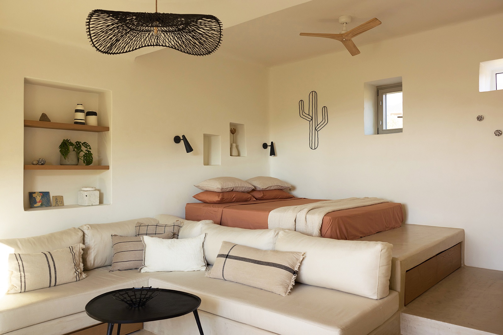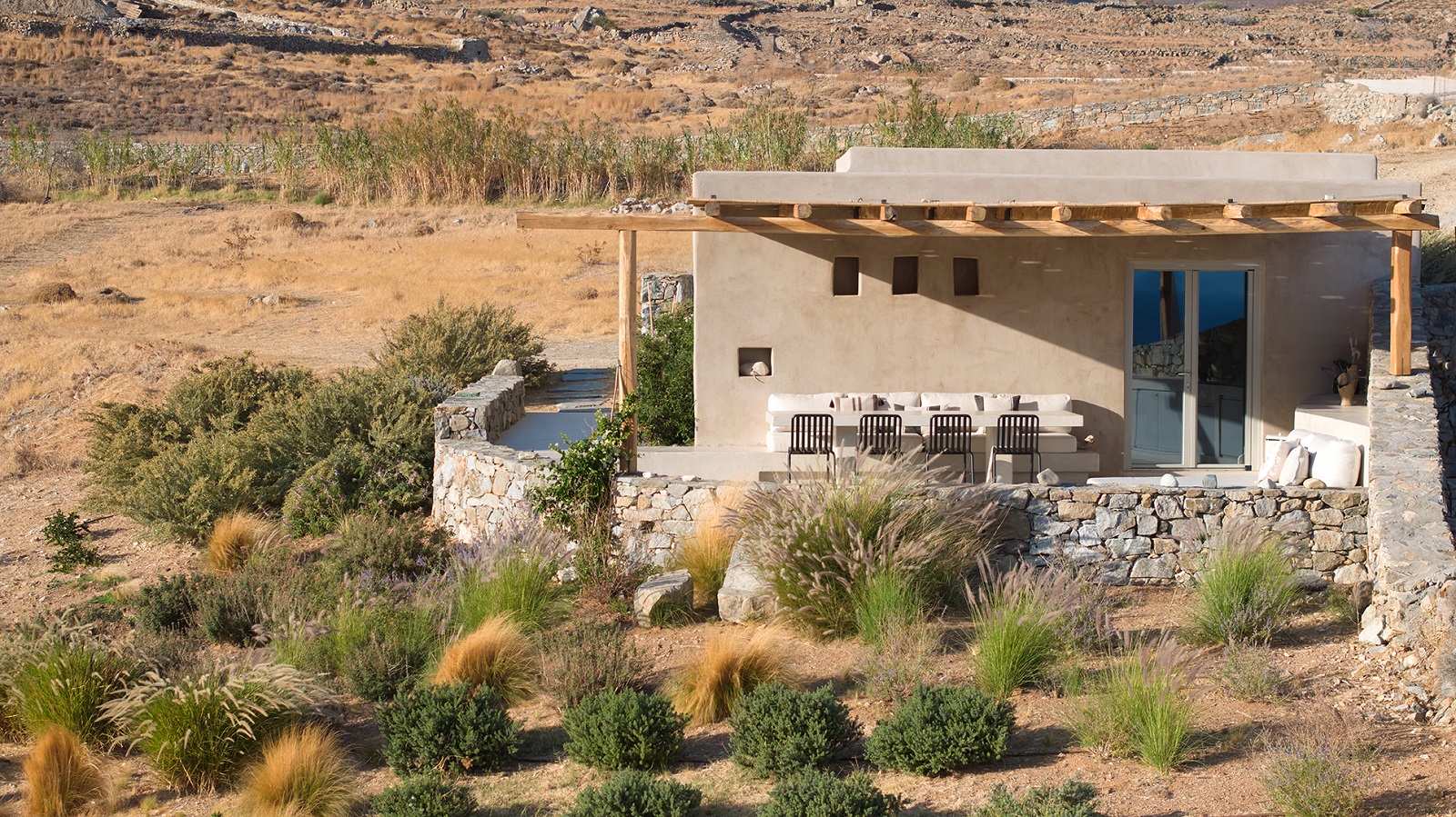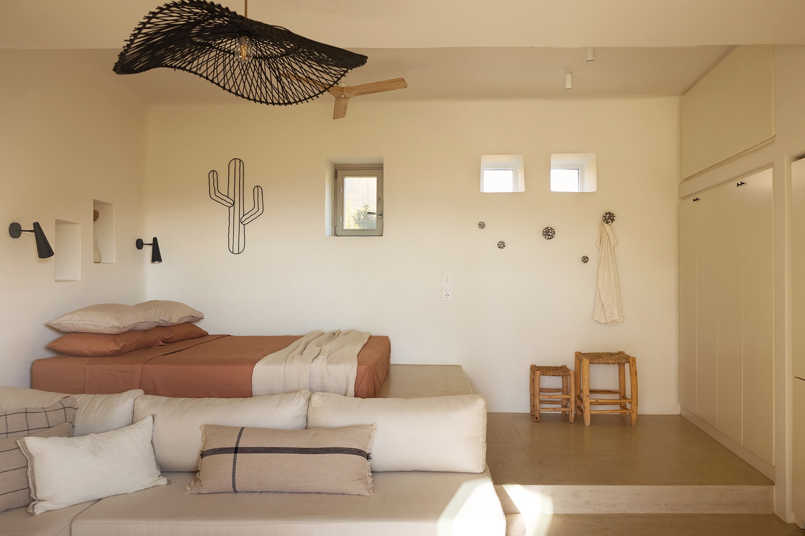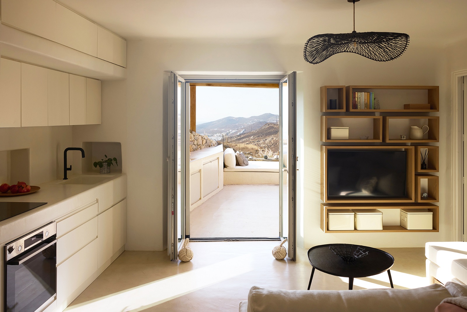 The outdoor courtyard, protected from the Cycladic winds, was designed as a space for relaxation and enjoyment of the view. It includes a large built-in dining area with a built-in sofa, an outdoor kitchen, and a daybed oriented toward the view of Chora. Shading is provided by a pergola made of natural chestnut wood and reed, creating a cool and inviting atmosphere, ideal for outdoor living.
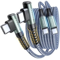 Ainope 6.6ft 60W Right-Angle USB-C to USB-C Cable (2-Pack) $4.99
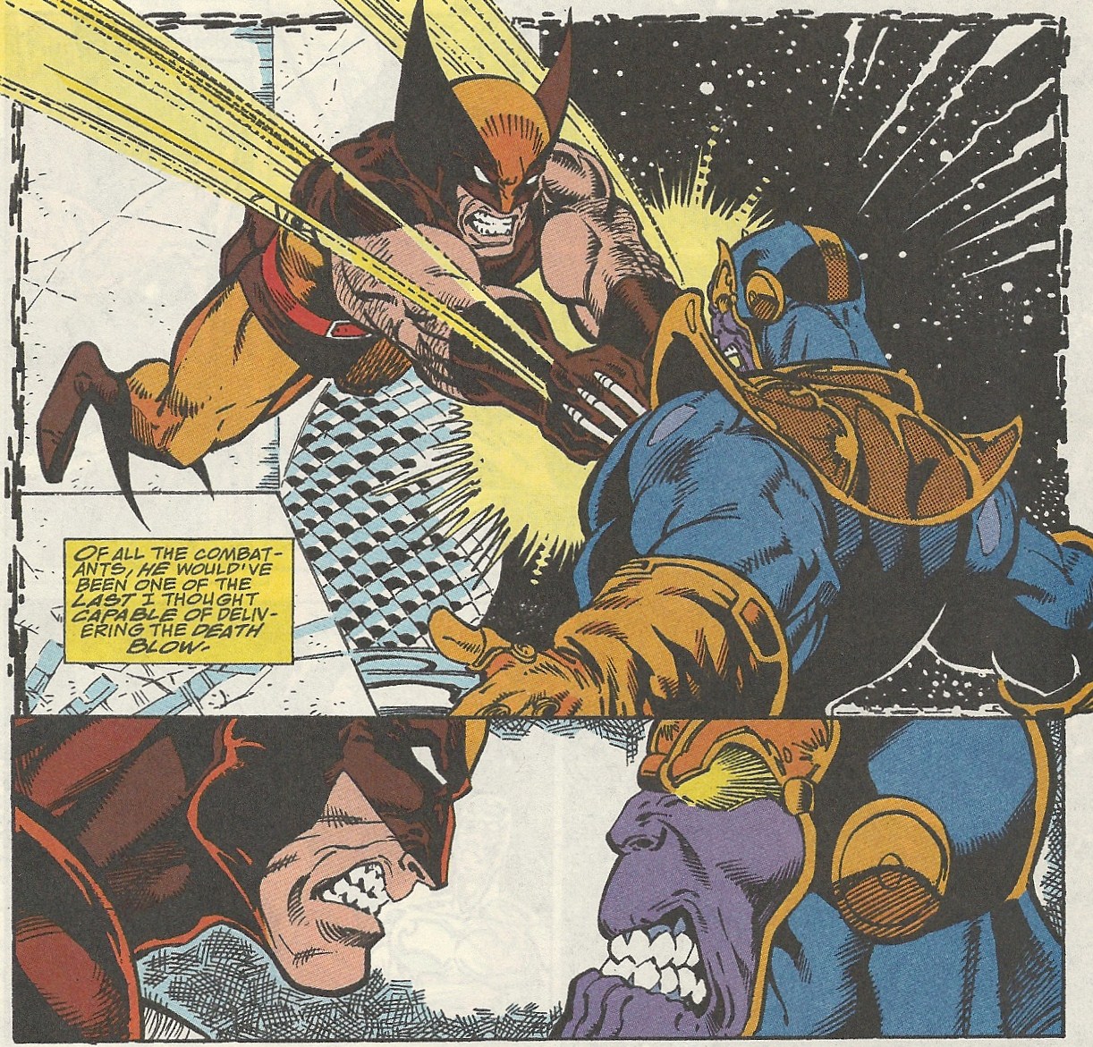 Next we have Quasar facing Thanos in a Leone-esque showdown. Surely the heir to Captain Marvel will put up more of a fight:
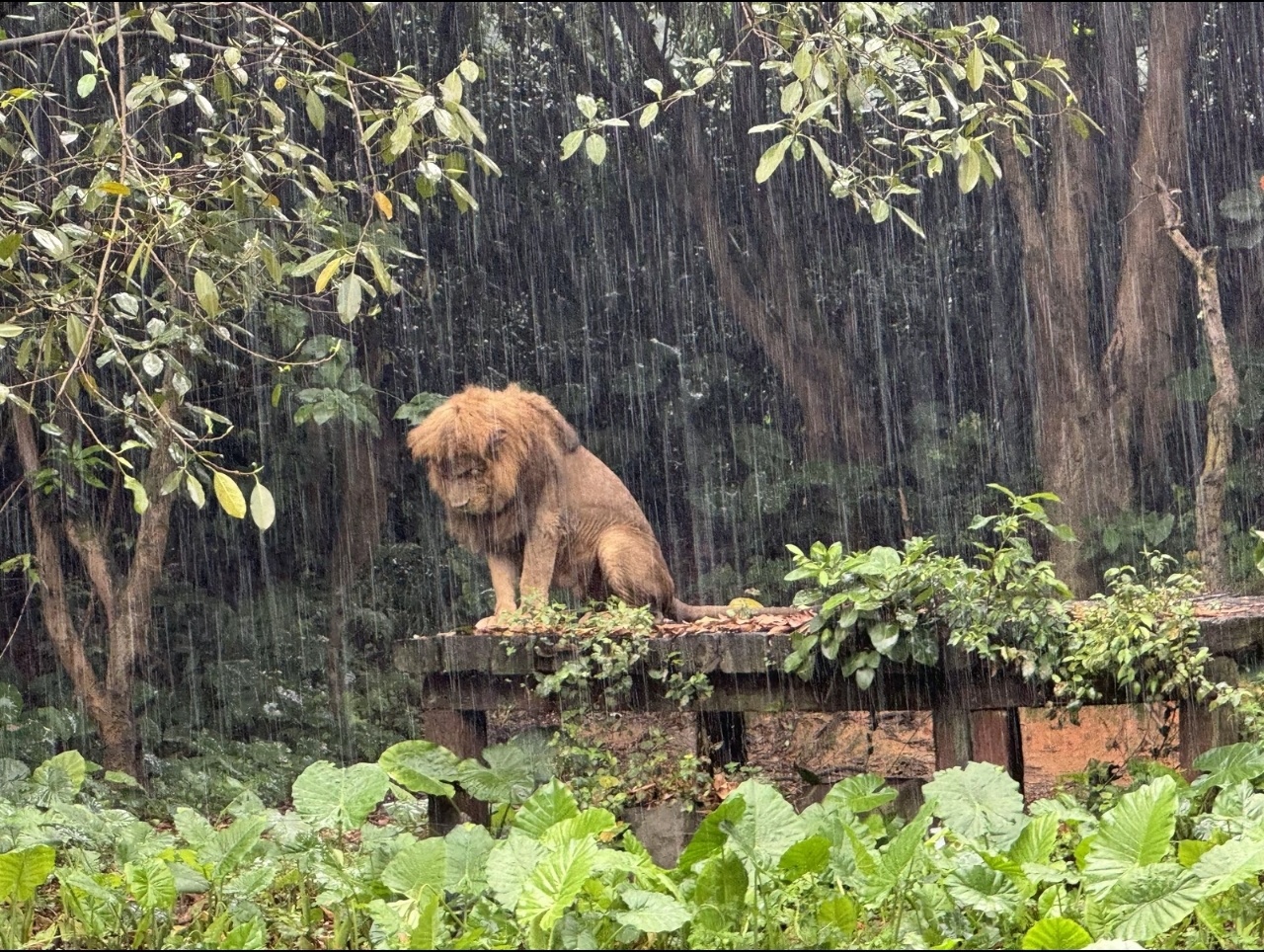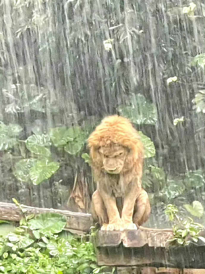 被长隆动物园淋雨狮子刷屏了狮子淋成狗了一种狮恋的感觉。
········
# EXERCISE
Using the listing above, write out exactly the lines from the one that holds "Ainope 6.6ft 60W" through the last line, both included, and omit pictures.

# REPLY TO THE EXERCISE
 Ainope 6.6ft 60W Right-Angle USB-C to USB-C Cable (2-Pack) $4.99
 Next we have Quasar facing Thanos in a Leone-esque showdown. Surely the heir to Captain Marvel will put up more of a fight:
 被长隆动物园淋雨狮子刷屏了狮子淋成狗了一种狮恋的感觉。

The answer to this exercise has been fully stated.